It's so simple, and yet so powerful. We change the way we breathe when stressed, anxious, depressed, frightened, relaxed... When sad or grieving we may tend to sigh deeply. When tired we yawn. When anxious, fearful, or stressed we tend to take short, shallow breaths and may even hold our breath without realizing it. The rhythm of our breaths and the length and depth of our breaths send important messages to the brain which then alerts the body "Get ready!", "Look out!", "Be careful". You know that edge of your chair feeling when watching a scary or suspensful movie? You brace yourself, your muscles tense, and you might even hold your breath. Whether you are really being chased or just watching someone else being chased your body responds. It doesn't matter if it is real, fiction, or a memory. With those changes in breath, tension, and posture the body responds by releasing biochemicals that prepare us for fight, flight, or freeze.
Sometimes tension and stress accumulates and we all need to find ways to de-stress and relax. Being mindful of your breath is one way to take charge of stress levels and work on learning to manage daily stress in the moment. With practice the following breathing exercises can have a greater impact and can become very helpful when coping with the daily frustrations and stresses we face in our lives.

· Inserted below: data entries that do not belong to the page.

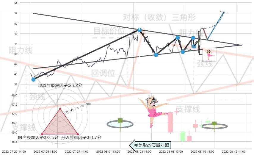 ➣ 【多空双方观望→争持→促使价格波动日益狭窄→多方打破攻守平衡点】对称三角形中继整理, 已在08-11:13突破【阻力】颈线 46.91 →演变成上升通道
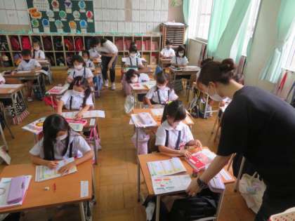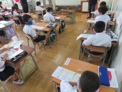 「かんじのかきかたをれんしゅうしよう」をめあてに「小」の漢字の学習をドリル等も使いながらしていました。
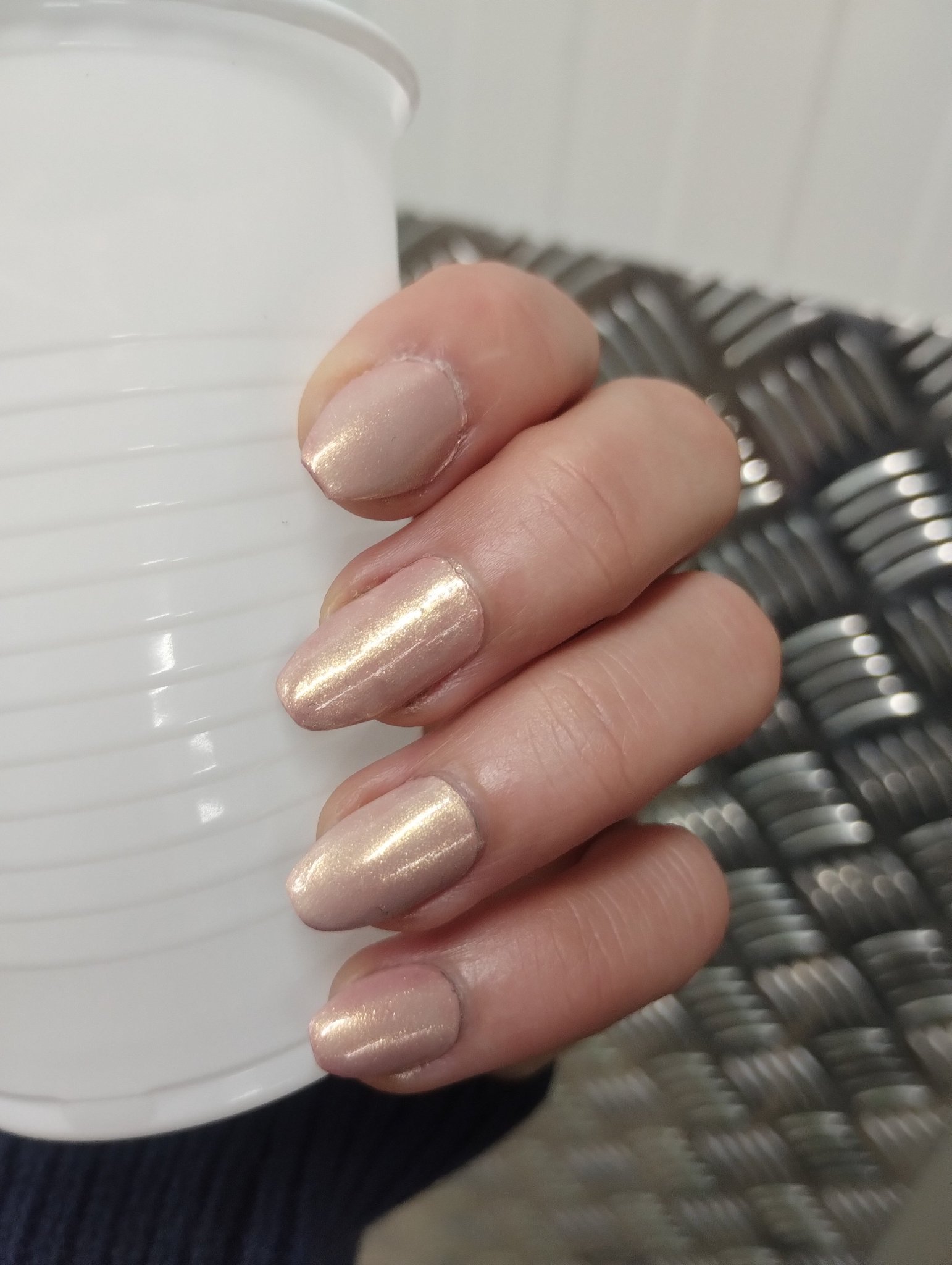 Ако лакът изглежда различен, например от черен се е превърнал в патладжан с холографски шимър след нанасяне, опитайте да нанесете лъскав топ лак, за да възстановите желания ефект. Ако и това не помогне, можете да потърсите алтернативни марки, които предлагат подобни цветове и текстури, но с гладка формула вместо пясъчна.
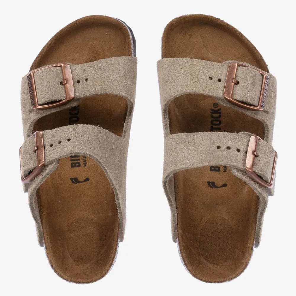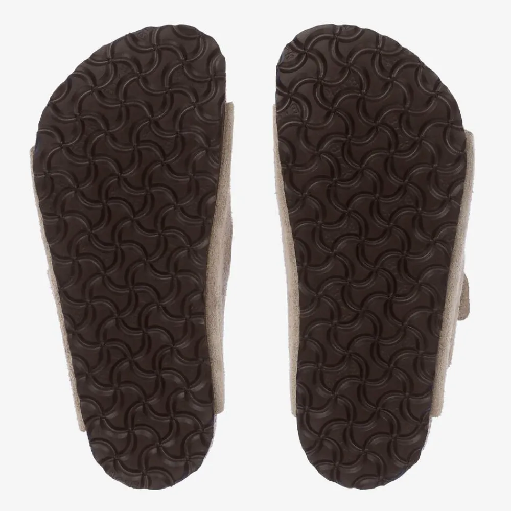 Timeless beige sandals for boys and girls by Birkenstock, made in the softest suede leather. These stylish sandals have copper branded buckle fastenings with adjustable straps. For comfort, the insole is made of soft suede with a cushioned natural cork footbed. They have contrasting dark brown slip-resistant EVA rubber outer soles.

Take a moment and bring your attention to your breath and any tightness or tension in your body. At first, just observe. Are your breaths shallow and only filling the top portion of your lungs or are they deep and expansive? Place a hand over your ribs and take a very deep breath feeling your chest rise and your rib cage expand. Exhale slowly and smoothly. Try taking five deep and relatively slow breaths observing the feel of the air entering your body, the rise and fall of your chest, and the full expansion of your lungs. Notice if you are able to let go of a little of your body tension on the exhalation. Try to make these breaths as smooth as possible and do not pause after your inhalation or exhalation. In other words, do not hold your breath. Notice how your body feels after five deep breaths. Do you feel a little calmer and more relaxed?

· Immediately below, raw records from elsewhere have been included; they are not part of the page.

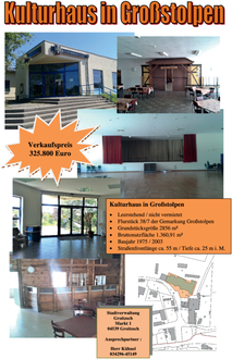 Die Stadt Groitzsch schreibt das Kulturhaus in Großstolpen zum Verkauf aus. Die Grundstücksgröße des Flurstückes 36/13 der Gemarkung Großstolpen beträgt 2.856 m². Bei dem Gebäude handelt es sich um ein 1975 errichtetes und 2003 erneuertes Objekt mit einer nutzbaren Gebäudebruttofläche von 1.360,91 m², welche sich unterteilt in einen Saal, Barbereich, Bühne, Barbarastube, Speiseraum, Foyer, Kegelbahn, Abstellräume und Sanitärräume.
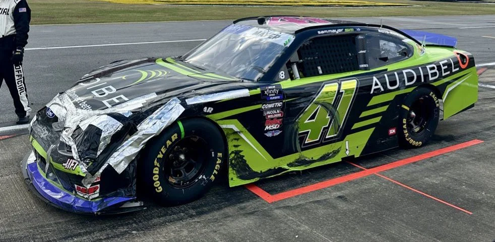 Sam Mayer picked up the 5th last-place finish of his NASCAR XFINITY Series career in Saturday’s United Rentals 250 at the Talladega Superspeedway when his #41 Audibel Ford was eliminated under NASCAR’s “Damaged Vehicle Policy” (DVP) after 15 of 100 laps.
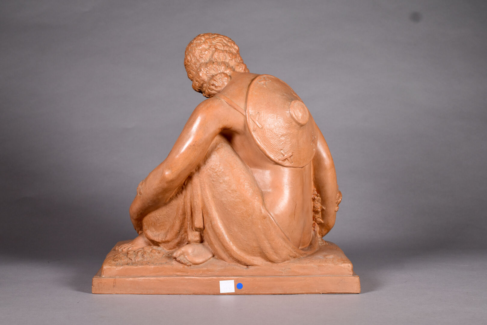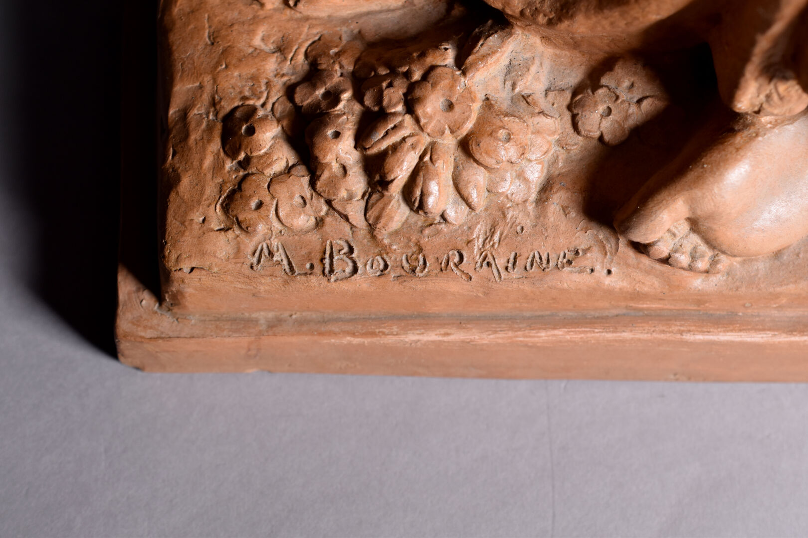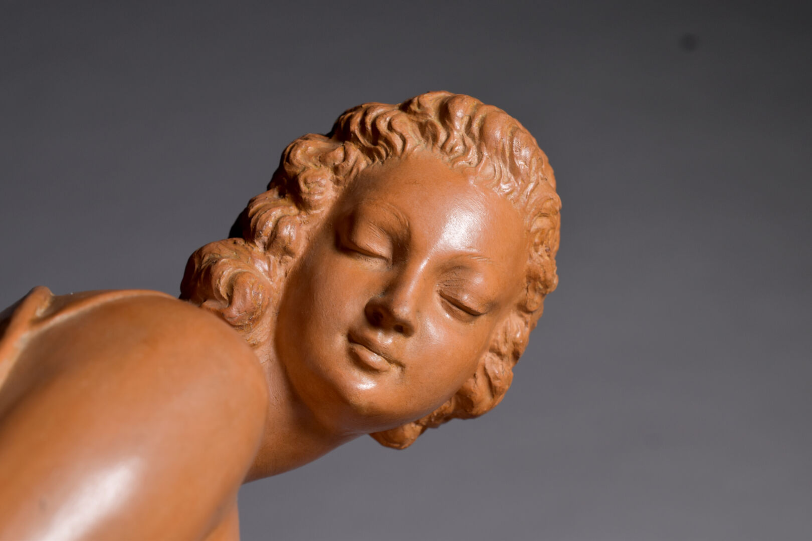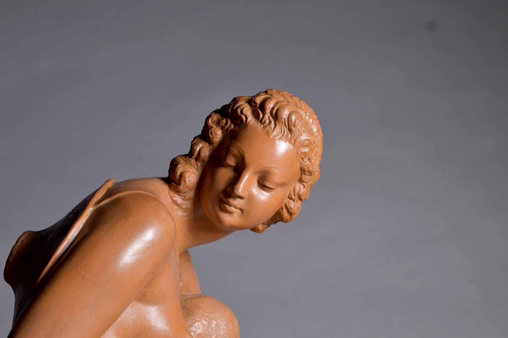 Marcel BOURAINE (1886-1948). Femme aux fleurs. Terre cuite signée en bas à l’arrière (un éclat). Haut. : 38,5 cm – Larg. : 37 cm – Prof. : 20,5 cm.
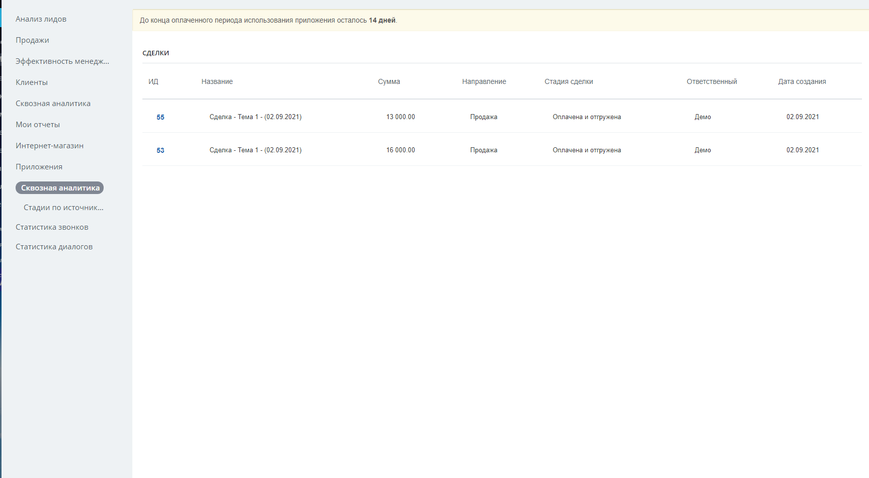 Данное приложение позволяет отслеживать конверсию лида в сделку и далее. Вы можете отследить сколько сделок из каких источников было сконвертировано в успешные и проигранные, так же можете видеть конверсию каждого из источников и сумму сделок.
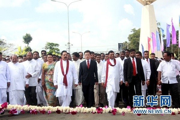 斯總統(tǒng)拉賈帕克薩為科倫坡國際機場高速路開通儀式揭幕(圖片摘自新華網(wǎng))

You may also want to experiment with counting slowly as you inhale and exhale. Are the inhalation and exhalation about the same? With practice over time, try extending the length of your inhalation and exhalation working to make them longer, smoother, and about equal. You can also focus on a word or phrase that helps you to relax. For example, you could focus on breathing in calm and exhaling while letting go of tension. The beauty of this simple exercise is that you can practice it anywhere and anytime. Try taking three to five deep breaths at a stop light, in line at the grocery store, before you have to have that difficult talk, or after a stressful day. The more you practice, the greater the results. Obviously, just breathing deeply will not solve our bigger challenges in life, but it can help us to feel calmer and more clear-headed in the process.